SQL Server – Invalid Length Parameter Passed to LEFT or SUBSTRING Function

sql serversql-server-2016t-sql

I have a process that needs to split a string of key-value pairs. To do so, I'm using a combination of a temp table that has computed columns to calculate the key and the value from each key-value pair, and a string_split function in the INSERT statement to separate the key-value pairs into rows. This is how the table looks like:

CREATE TABLE #KeyValuePairs (
  [PK]       uniqueidentifier NOT NULL,
  [KeyValue] varchar(500) NOT NULL,
  [Key] AS CONVERT(varchar(35), SUBSTRING([KeyValue],1,CHARINDEX('=',[KeyValue])-1)) PERSISTED NOT NULL,
  [Value] AS SUBSTRING([KeyValue],CHARINDEX('=',[KeyValue]) + 1, LEN([KeyValue]) - CHARINDEX('=',[KeyValue])) PERSISTED NULL
);

The clustered index just helps me to find a specific combination of primary key and value key efficiently. The following is how I insert data into it:

INSERT #KeyValuePairs ([PK], [KeyValue])
SELECT T.[PK], kv.[value]
FROM BaseTable T
CROSS APPLY string_split([KeyValueStringColumn],'*') kv
WHERE [KeyValueStringColumn] != ''
  AND kv.[value] != ''

Occasionally, this query fails with the following error:

Invalid length parameter passed to the LEFT or SUBSTRING function.

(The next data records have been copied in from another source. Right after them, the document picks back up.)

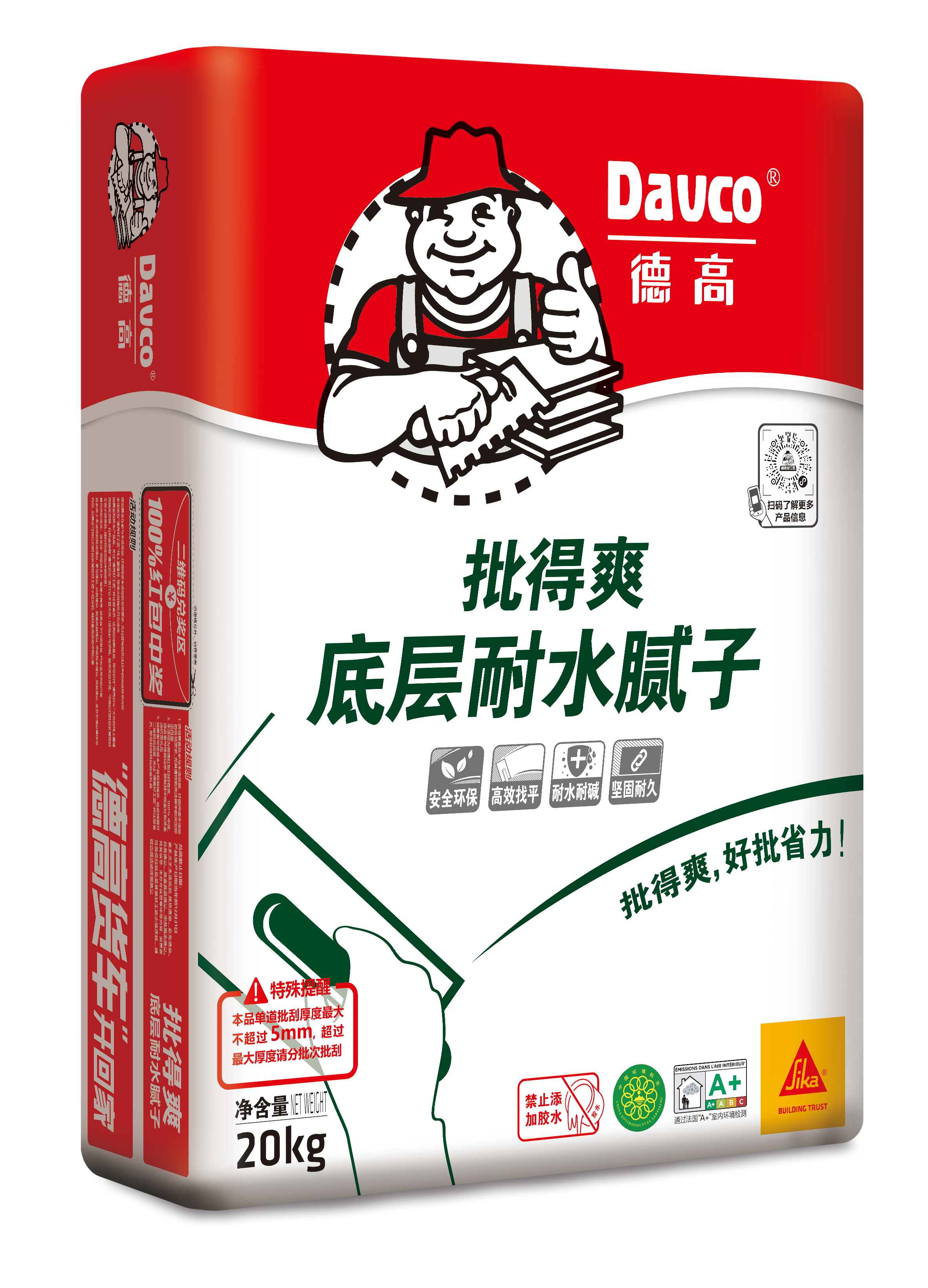 产品简介德高批得爽底层耐水腻子采用优良水泥、细砂、可再分散乳胶粉等聚合物及环保助剂制成。采用先进设备及生产工艺,整个生产过程不人为添加甲醛,绿色环保,品质稳定。本品用于墙体基层找平处理,找平效率高,不易开裂,且耐水耐碱,使用后基层平整度好,配套德高面层腻子使用,墙体平整、坚固、耐久。
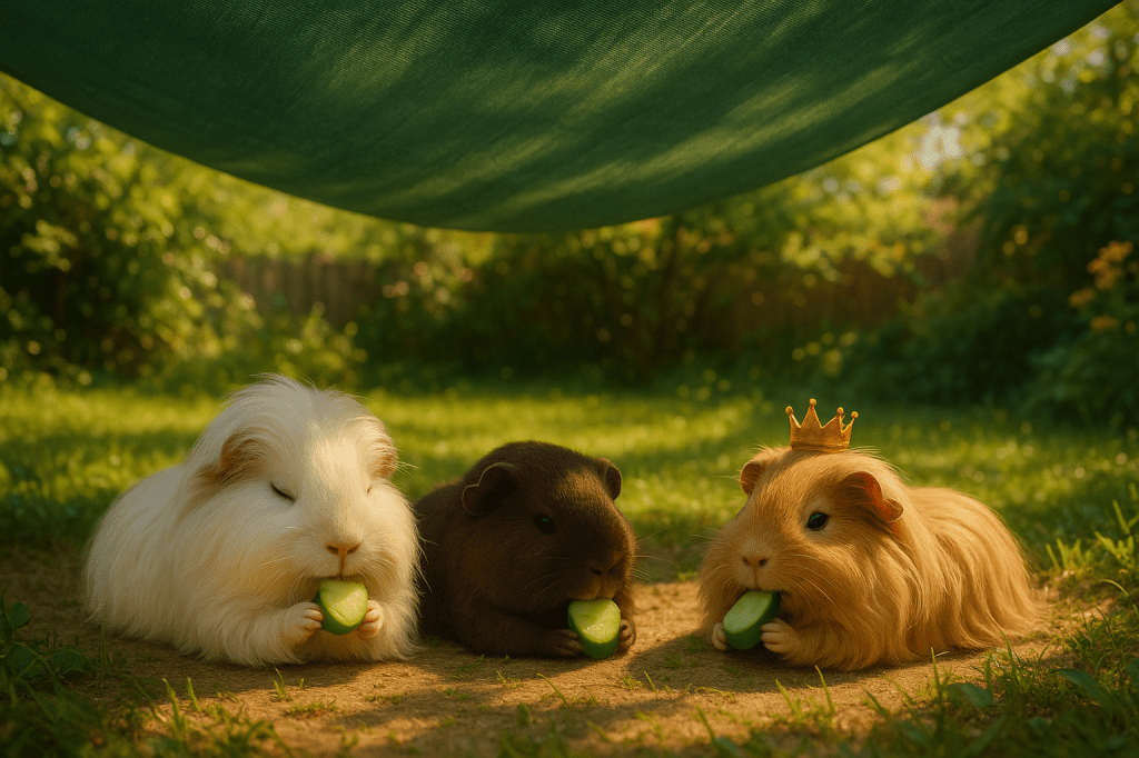 Die Menschen-Mama wischte sich den Schweiss von der Stirn und klopfte den Pfosten, an dem das grosse Sonnensegel befestigt war, noch einmal fest in die Erde. Sie erklärte, dass es ihnen an diesen heissen Tagen Schatten spenden würde, da Meerschweinchen grosse Hitze nicht gut vertragen.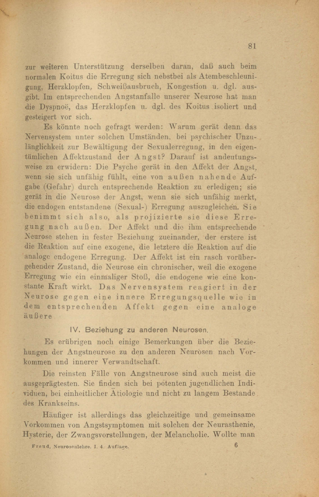 wie sie uns nach solcher Sonderung erübrigt.Ich nenne diesen Symptomenkomplex , Angstneurose“, weil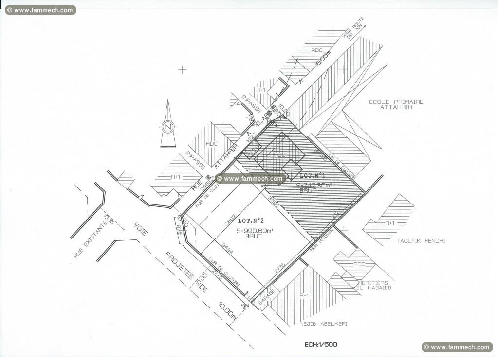 A vendre terrain de 990 m² Brut (811 m² net) (lot n°2) clôturé des 3 cotés Route El Ain Km2 à environ 200 mètres de la route principale (Zanket Ettahrir). Excellent emplacement, à proximité des écoles primaires, crèches (rawdaha), mosquée El Badr à 200 m, lycée 15 Novembre 1955-El 7ay (الحي) à 800 m, commerces (Monoprix) à 400 m, clinique El Alya à 300 m et Hôpital Hédi Chaker et de l'hôpital Habib Bourguiba à 1000 m. Ce terrain est accessible par deux voies de la route principale (Route EL AIN). Possibilité de bâtir jusqu’à R+2. Titre arabe (Rasm) en règle. Le prix est négociable dans la limite du raisonnable. Pour plus d’information appeler le : 52503068.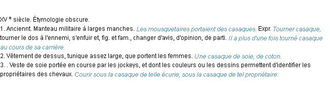 Ancienne signification développée en 1798 par l’académie Française (ACAD - 1798).Merci à Céleste et Gaston pour la numérisation du mot casaque.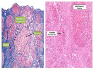 1. Liver cirrhosis is the end stage of many chronic liver diseases and is characterized by diffuse hepatic fibrosis and parenchymal nodule formation.

If I remove the computation from the table definition, leaving the fields NULL by the INSERT and instead run an UPDATE afterwards with the exact same formula, the UPDATE succeeds always.

Best Answer

This is a similar issue to the one discussed here, but I think it deserves its own question/solution as in my case the issue was not the use of substring in a query, but in a table that's being inserted to. Though, the reason apparently is the same ... as Aaron Bertrand stated in his answer to another question:

... because you can't always rely on SQL Server filtering rows before attempting calculations.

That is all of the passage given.